Personal Shopper, 2016.
Directed by Olivier Assayas.
Starring Kristen Stewart, Lars Eidinger, Sigrid Bouaziz, Anders Danielsen Lie and Ty Olwin.
Maureen serves as a personal shopper for the rich and famous. Residing in Paris, she also practices as a medium with the hope of contacting her recently deceased twin brother. Channelling two greatly conflicting lifestyles, soon her worlds collide, forming an uncompromising and unpredictable landscape of which she must boldly navigate.
Upon the initial viewing of Olivier Assayas’ latest in June, one was convinced there wouldn’t be a more exquisitely uncategorisable and ambitious film in 2016. Then this author’s heart brutally sank when original distributor Metrodome Group fell into administration and it looked as though Personal Shopper‘s future in the United Kingdom was seriously jeopardised. Thank heavens then, that some months later, independent titan Icon Film stepped in and saved the day; granting the Festival de Cannes award-winner a new lease of life in 2017.

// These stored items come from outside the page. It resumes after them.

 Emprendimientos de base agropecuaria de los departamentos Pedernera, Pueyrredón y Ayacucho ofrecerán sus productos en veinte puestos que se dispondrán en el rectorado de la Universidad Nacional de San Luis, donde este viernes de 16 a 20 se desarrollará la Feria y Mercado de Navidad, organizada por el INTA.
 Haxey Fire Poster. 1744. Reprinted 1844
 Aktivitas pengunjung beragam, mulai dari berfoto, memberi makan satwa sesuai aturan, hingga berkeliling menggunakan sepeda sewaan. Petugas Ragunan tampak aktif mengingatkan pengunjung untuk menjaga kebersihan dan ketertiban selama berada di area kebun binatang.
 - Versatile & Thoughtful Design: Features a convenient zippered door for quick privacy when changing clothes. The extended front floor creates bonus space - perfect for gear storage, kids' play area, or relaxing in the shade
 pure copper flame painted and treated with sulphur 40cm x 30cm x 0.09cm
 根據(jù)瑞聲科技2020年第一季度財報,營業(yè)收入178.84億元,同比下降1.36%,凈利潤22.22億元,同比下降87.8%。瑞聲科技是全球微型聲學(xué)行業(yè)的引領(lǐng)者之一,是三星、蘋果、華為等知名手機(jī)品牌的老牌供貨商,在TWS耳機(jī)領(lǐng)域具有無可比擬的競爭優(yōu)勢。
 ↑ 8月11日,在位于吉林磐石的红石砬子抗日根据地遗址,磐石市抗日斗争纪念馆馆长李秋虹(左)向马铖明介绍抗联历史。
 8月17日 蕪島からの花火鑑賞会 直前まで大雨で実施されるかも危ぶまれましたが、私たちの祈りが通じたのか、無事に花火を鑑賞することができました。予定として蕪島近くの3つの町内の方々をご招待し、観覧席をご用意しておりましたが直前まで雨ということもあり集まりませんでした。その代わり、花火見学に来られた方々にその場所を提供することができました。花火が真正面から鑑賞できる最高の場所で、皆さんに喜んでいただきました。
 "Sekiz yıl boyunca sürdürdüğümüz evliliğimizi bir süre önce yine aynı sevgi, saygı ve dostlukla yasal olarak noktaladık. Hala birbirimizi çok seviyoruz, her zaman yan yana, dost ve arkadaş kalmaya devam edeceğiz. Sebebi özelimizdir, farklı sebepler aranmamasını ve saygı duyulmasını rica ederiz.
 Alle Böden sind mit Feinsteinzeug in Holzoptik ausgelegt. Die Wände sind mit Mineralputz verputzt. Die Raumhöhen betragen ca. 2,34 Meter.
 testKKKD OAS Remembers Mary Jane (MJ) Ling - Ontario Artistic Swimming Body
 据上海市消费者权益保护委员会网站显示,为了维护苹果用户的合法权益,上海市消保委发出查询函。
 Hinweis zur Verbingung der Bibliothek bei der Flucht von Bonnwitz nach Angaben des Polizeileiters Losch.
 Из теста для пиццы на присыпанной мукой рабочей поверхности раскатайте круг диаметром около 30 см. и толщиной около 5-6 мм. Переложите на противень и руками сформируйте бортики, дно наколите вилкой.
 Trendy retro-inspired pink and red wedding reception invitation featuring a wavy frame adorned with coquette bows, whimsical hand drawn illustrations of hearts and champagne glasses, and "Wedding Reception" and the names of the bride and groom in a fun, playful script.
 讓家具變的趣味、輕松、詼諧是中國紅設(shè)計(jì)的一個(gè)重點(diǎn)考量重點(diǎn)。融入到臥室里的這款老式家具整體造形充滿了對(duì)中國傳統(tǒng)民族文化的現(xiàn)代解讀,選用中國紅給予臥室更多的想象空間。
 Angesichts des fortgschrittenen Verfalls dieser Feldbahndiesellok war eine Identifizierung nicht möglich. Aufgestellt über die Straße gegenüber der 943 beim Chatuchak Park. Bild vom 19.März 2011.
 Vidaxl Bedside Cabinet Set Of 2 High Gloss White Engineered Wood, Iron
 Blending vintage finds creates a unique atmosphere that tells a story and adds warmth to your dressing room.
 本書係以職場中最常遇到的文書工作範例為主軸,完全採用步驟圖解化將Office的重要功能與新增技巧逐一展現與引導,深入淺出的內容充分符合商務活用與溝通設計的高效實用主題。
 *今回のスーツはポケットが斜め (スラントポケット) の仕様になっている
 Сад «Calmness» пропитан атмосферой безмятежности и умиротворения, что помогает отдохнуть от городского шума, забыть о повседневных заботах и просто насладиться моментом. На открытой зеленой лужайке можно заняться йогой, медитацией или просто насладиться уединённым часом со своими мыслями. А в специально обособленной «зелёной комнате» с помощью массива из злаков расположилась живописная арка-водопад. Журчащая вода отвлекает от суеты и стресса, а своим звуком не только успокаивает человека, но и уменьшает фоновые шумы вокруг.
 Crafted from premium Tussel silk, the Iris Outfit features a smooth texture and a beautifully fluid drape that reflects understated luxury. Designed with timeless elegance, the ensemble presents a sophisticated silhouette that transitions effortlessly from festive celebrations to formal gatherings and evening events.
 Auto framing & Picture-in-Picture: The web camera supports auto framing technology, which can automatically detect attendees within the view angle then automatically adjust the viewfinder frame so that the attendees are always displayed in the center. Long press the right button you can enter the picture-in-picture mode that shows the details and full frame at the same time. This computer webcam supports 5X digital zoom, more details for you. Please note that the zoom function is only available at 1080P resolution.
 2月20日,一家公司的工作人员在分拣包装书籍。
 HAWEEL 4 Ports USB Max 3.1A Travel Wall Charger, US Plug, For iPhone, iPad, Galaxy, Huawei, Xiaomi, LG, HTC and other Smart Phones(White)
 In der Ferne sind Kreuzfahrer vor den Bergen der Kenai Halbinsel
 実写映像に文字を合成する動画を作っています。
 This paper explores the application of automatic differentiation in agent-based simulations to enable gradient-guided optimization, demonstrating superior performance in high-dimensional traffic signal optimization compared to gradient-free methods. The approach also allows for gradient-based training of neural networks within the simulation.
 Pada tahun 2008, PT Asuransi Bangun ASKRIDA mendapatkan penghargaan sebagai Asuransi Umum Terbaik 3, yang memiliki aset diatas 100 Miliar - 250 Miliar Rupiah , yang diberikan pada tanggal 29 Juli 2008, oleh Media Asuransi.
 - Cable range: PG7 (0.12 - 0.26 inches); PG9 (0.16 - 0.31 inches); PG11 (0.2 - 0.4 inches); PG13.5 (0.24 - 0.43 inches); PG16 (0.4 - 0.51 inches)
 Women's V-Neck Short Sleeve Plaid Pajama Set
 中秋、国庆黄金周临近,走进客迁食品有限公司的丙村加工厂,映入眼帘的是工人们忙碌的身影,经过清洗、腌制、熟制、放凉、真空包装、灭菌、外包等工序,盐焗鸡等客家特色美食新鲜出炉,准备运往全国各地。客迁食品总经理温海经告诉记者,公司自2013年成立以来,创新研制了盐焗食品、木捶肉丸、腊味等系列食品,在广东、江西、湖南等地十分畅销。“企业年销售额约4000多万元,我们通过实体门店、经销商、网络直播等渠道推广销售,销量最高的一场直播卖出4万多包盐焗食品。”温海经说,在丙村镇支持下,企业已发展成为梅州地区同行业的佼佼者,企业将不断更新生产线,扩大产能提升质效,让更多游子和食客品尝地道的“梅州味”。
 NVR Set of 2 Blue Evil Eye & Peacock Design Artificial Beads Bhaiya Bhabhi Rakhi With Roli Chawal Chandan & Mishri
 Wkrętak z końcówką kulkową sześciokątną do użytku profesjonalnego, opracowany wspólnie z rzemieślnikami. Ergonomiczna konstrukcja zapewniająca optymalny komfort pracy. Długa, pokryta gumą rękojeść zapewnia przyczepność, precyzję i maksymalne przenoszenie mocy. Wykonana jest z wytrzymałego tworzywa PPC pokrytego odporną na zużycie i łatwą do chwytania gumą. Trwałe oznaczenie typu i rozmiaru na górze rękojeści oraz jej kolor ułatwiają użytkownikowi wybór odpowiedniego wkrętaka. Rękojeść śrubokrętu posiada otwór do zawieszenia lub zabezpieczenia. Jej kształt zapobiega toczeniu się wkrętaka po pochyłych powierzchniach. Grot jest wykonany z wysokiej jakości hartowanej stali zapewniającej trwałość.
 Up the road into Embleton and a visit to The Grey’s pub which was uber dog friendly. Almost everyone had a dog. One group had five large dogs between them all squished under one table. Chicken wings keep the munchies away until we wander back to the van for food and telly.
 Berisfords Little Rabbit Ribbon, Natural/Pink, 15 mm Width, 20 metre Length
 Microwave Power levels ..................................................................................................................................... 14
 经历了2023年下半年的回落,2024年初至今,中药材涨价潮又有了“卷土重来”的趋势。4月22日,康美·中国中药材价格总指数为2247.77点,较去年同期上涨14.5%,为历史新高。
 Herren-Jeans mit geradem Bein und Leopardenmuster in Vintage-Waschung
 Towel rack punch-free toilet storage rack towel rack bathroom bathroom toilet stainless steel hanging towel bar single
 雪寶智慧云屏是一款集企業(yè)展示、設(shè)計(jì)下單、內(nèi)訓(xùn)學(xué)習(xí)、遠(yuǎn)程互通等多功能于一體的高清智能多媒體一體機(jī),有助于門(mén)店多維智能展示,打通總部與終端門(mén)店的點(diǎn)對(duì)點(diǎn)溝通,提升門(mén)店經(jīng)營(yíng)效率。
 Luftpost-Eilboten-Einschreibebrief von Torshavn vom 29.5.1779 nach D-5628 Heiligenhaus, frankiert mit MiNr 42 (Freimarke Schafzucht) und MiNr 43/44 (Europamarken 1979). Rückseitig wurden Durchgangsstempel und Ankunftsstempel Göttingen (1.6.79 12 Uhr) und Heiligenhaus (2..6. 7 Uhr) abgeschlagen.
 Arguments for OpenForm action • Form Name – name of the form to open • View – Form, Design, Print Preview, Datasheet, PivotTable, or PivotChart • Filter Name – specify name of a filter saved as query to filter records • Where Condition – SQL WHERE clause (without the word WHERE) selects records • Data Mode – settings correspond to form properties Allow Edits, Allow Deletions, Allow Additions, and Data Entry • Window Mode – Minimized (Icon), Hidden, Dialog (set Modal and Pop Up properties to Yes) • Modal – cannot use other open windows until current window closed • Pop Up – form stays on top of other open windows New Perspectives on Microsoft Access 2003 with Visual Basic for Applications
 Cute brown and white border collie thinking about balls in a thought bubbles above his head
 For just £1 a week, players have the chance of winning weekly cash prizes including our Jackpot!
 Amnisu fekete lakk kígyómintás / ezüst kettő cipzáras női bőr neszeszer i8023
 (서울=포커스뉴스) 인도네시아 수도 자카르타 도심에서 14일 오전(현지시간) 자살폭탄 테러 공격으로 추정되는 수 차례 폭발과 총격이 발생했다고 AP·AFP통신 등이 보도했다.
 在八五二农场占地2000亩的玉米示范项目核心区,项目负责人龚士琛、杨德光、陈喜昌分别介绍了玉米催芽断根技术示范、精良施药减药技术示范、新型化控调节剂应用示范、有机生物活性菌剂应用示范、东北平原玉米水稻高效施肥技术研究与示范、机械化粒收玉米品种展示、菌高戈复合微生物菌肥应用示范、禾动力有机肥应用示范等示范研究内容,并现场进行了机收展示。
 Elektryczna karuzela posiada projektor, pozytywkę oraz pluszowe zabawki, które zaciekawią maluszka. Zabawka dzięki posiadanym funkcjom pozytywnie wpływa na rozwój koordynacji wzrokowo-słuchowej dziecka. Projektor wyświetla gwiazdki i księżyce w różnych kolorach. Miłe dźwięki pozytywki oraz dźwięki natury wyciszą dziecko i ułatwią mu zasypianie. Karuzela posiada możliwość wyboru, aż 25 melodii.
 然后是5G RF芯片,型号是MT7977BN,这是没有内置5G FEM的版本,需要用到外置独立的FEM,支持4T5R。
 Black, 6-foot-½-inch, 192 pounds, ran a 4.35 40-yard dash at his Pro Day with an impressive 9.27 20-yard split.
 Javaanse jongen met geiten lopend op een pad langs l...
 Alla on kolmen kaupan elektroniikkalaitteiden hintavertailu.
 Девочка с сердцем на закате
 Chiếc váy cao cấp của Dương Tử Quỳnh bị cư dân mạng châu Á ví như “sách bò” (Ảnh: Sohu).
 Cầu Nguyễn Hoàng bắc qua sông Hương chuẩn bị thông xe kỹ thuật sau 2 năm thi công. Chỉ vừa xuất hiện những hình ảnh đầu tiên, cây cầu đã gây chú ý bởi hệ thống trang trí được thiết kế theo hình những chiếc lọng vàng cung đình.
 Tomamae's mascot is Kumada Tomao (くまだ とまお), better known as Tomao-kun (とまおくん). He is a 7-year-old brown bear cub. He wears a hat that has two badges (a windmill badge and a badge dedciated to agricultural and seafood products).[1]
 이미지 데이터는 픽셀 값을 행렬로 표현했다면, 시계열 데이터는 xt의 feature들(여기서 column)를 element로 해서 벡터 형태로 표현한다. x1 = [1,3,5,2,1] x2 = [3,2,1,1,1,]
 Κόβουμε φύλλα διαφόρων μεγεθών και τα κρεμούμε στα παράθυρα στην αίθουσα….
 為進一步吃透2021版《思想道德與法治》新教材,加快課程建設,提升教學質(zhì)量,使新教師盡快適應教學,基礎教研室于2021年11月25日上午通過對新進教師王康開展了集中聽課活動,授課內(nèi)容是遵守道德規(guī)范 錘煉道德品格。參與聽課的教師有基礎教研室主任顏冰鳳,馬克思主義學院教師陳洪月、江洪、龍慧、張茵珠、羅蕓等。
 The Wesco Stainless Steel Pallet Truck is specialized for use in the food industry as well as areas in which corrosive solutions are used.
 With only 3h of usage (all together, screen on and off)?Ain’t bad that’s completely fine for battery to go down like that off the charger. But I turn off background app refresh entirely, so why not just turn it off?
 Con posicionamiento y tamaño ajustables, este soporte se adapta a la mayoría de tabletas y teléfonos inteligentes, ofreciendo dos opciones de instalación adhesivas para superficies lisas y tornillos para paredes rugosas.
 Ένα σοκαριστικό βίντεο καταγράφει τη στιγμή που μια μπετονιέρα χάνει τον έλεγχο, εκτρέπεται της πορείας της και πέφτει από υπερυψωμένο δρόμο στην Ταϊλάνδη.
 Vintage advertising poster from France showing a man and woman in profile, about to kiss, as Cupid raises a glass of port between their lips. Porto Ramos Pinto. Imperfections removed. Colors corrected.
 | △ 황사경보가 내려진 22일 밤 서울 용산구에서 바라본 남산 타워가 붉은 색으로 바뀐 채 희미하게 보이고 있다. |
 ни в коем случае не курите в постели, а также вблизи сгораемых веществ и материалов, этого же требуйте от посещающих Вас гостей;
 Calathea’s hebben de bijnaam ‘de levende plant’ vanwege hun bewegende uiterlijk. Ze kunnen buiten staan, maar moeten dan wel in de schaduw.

Upon the second viewing – which is screening at the 60th BFI London Film Festival as part of the ever-popular Dare strand – one still feels the same way. In fact, Assayas’ follow-up to the simply splendid Clouds of Sils Maria (2014) is filmmaking at its most ambidextrous and tactile; endlessly inventive, unfathomably surprising. The immeasurably brilliant Kristen Stewart delivers a luminous central performance as a conflicted soul, consumed by the feverish underbelly of Parisian fashion despite her attempts to penetrate the spirit world. She features in virtually every frame here, and commands as such with mesmerising power. Few performers can keep up with her calibre; leaving them breathless in her rearview mirror as she surges from incredible role to incredible role.
There is little doubt that Personal Shopper will perplex and dumbfound the many, and quite rightly so. Assayas’ nuanced composition is fluent with mediative subtext and ethereal imagery. His camera and the delicate way it parades through the streets and apartments lingers with ghostly grandeur. He aims to spine-chill and does so with tremendous finesse. Narratively his screenplay is part fashionista drama – sleek with ravishing leathers and linens – and part bewitching supernatural horror, but honestly attempting to pigeonhole such a work is an aimless task. Just when you think you have sussed a story beat, the rug is pulled from your feet, leaving the spectator tumbling at ferocious speed.
Assayas deftly understands that cinema is a visual medium, and ensures that in-drama devices help render and characterise his scenes. An impeccable prolonged exchange between Maureen and an unknown assailant fiendishly plays out over Apple’s iMessage service; optimising the sights and sounds of our handheld communicators to evoke a palpable sense of dread. Those three little dots to indicate message composing have never been more torturous, and that incoming ping alert never more deafening. Thematically the scene is Stewart’s character boarding the Eurostar to London St. Pancras International and back again, but tonally it broods and swells with a unmistakable malice. To be able to make the mundane feel so intoxicatingly urgent is something only a master auteur could achieve.
The less you know about Personal Shopper, the more beguilingly marvellous the experience is. This is a cinematic Pandora’s Box; crammed full of secrets, intrigue and mystery. Assayas has formed a soulfully scary representation of humanity’s most peculiar shades, and Stewart’s thunderous work – easily the best performance of the year – ensures that it’ll be an experience never forgotten. To call it a masterpiece would be an understatement.